EXERCISE BRIEF: Everything from the line with "Prodajem mobitel Iphon" to the final line of the entries, both included, should be restated word for word; please omit the pictures.

□ □ □ □ □

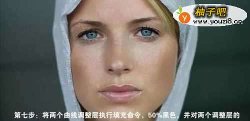 7将两个曲线调整图层运作填充命令,50%黑色;并对两个调整层的蒙版部分进行两次0.5的高斯模糊,以柔化选区的边缘;
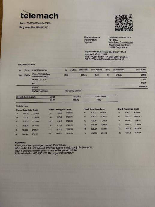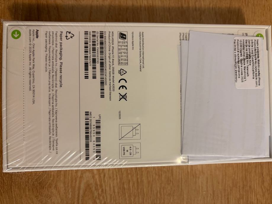 Prodajem mobitel Iphon 17 256gb crne boje. Mobitel je novi danas kupljen (zapakiran)
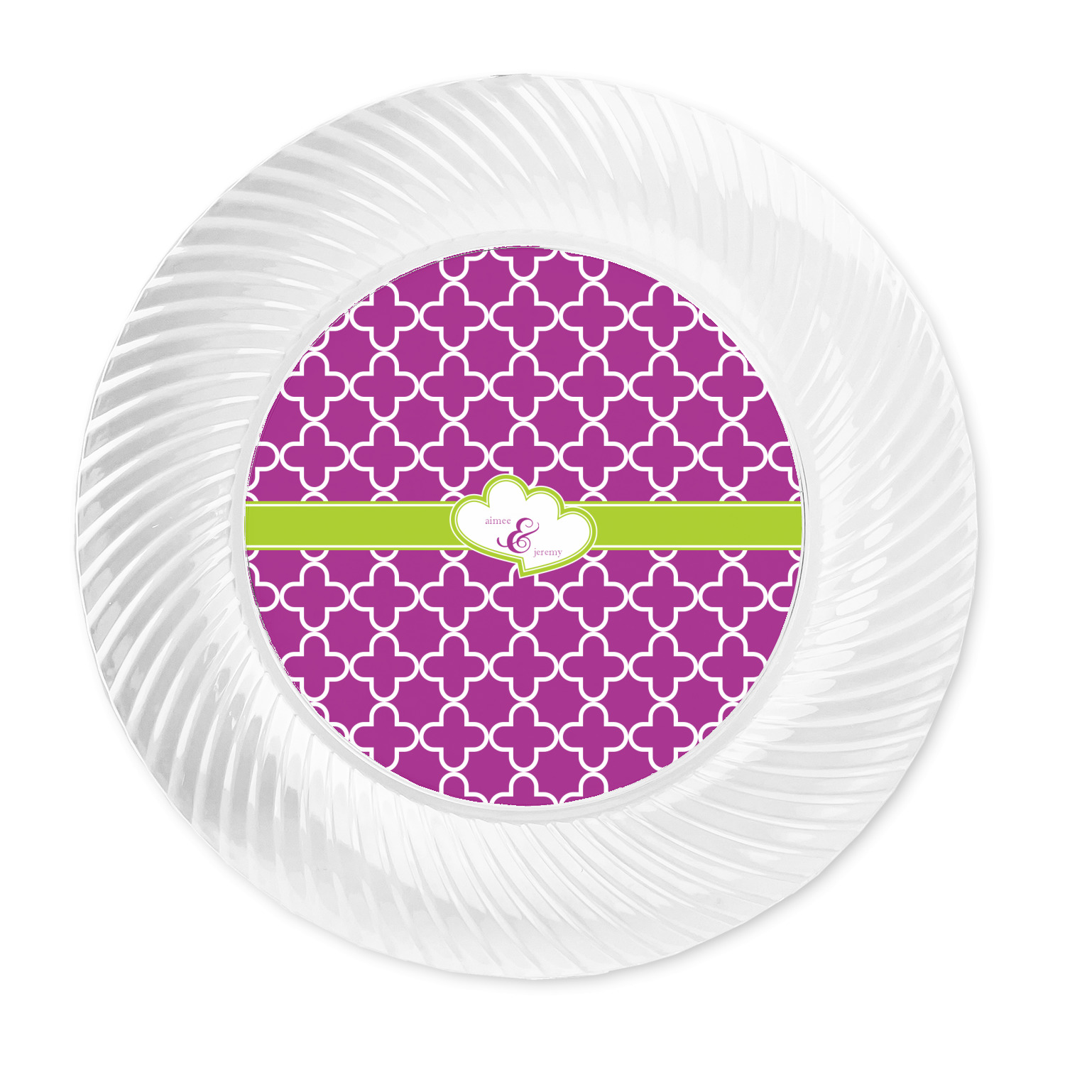 Made from a beautiful clear plastic plate as a base, your design is printed to the underside of the plate. The outside of these disposable plates has a classic swirl texture to it for a high quality look and feel.
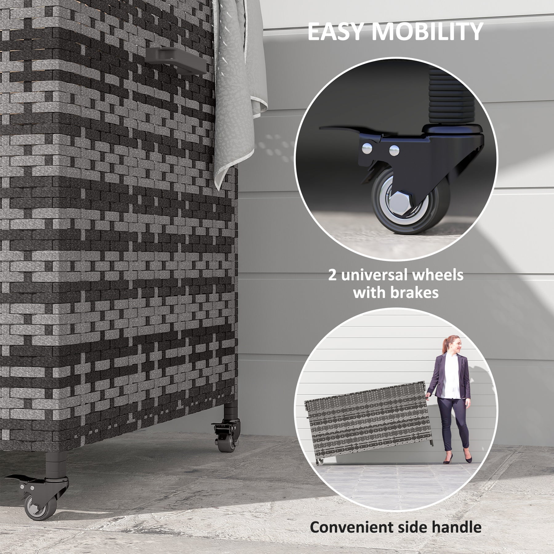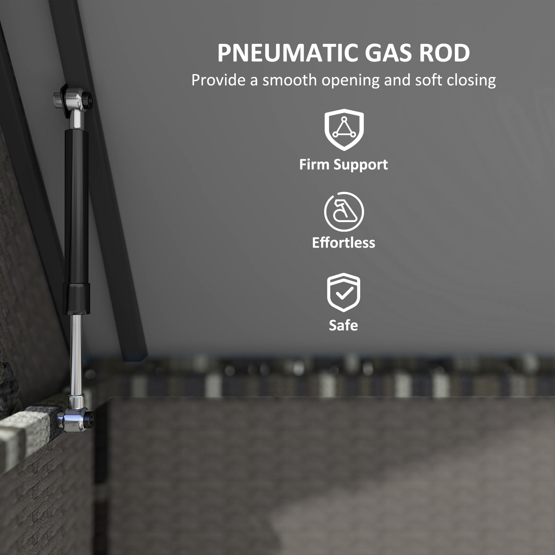 This 627 L garden storage box is a safe, protective place for garden tools, supplies and other accessories. Fitted with a gas strut lift mechanism to ensure the lid opens and closes safely and steadily. A powder coated steel frame means a strong core, wrapped in stylish and tough plastic rattan. Complete with a handle and two wheels to move around, even when heavy.
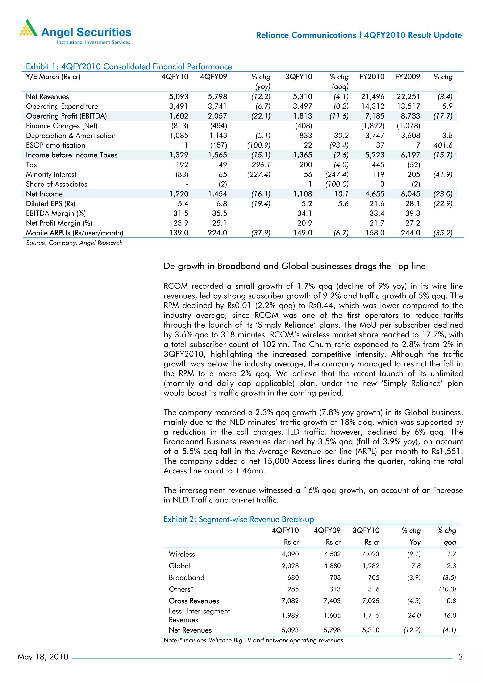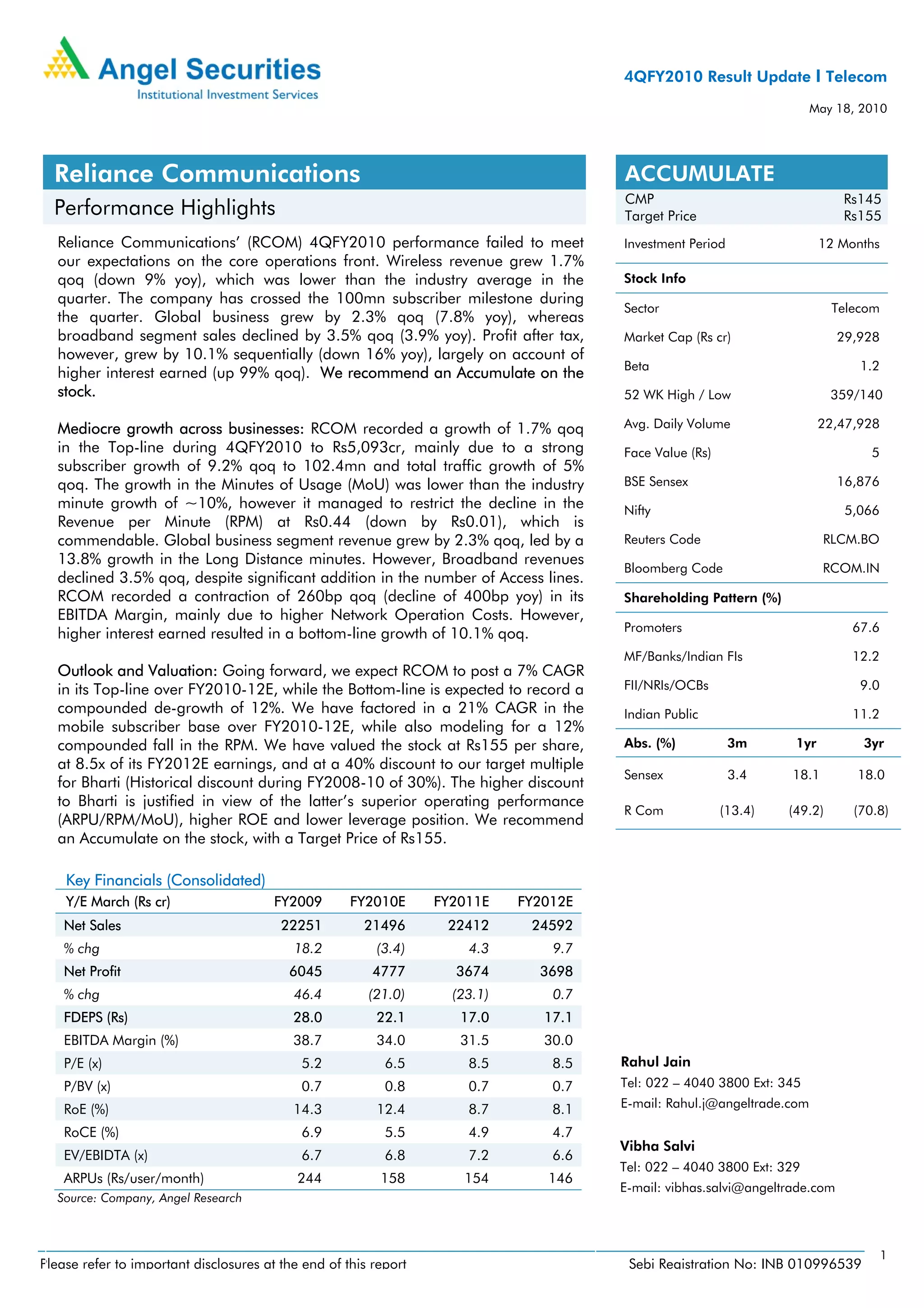 Reliance Communication's quarterly performance failed to meet expectations, with wireless revenue growing only 1.7% compared to the industry average. While the company surpassed 100 million subscribers, its broadband and global business segments saw declines. Profits grew 10.1% due to higher interest earned, but margins fell due to higher network and access costs. Going forward, profitability is expected to come under pressure from increased leverage for capex spending and acquiring 3G licenses.

□ □ □ □ □

OUTPUT:
 Prodajem mobitel Iphon 17 256gb crne boje. Mobitel je novi danas kupljen (zapakiran)
 Made from a beautiful clear plastic plate as a base, your design is printed to the underside of the plate. The outside of these disposable plates has a classic swirl texture to it for a high quality look and feel.
 This 627 L garden storage box is a safe, protective place for garden tools, supplies and other accessories. Fitted with a gas strut lift mechanism to ensure the lid opens and closes safely and steadily. A powder coated steel frame means a strong core, wrapped in stylish and tough plastic rattan. Complete with a handle and two wheels to move around, even when heavy.
 Reliance Communication's quarterly performance failed to meet expectations, with wireless revenue growing only 1.7% compared to the industry average. While the company surpassed 100 million subscribers, its broadband and global business segments saw declines. Profits grew 10.1% due to higher interest earned, but margins fell due to higher network and access costs. Going forward, profitability is expected to come under pressure from increased leverage for capex spending and acquiring 3G licenses.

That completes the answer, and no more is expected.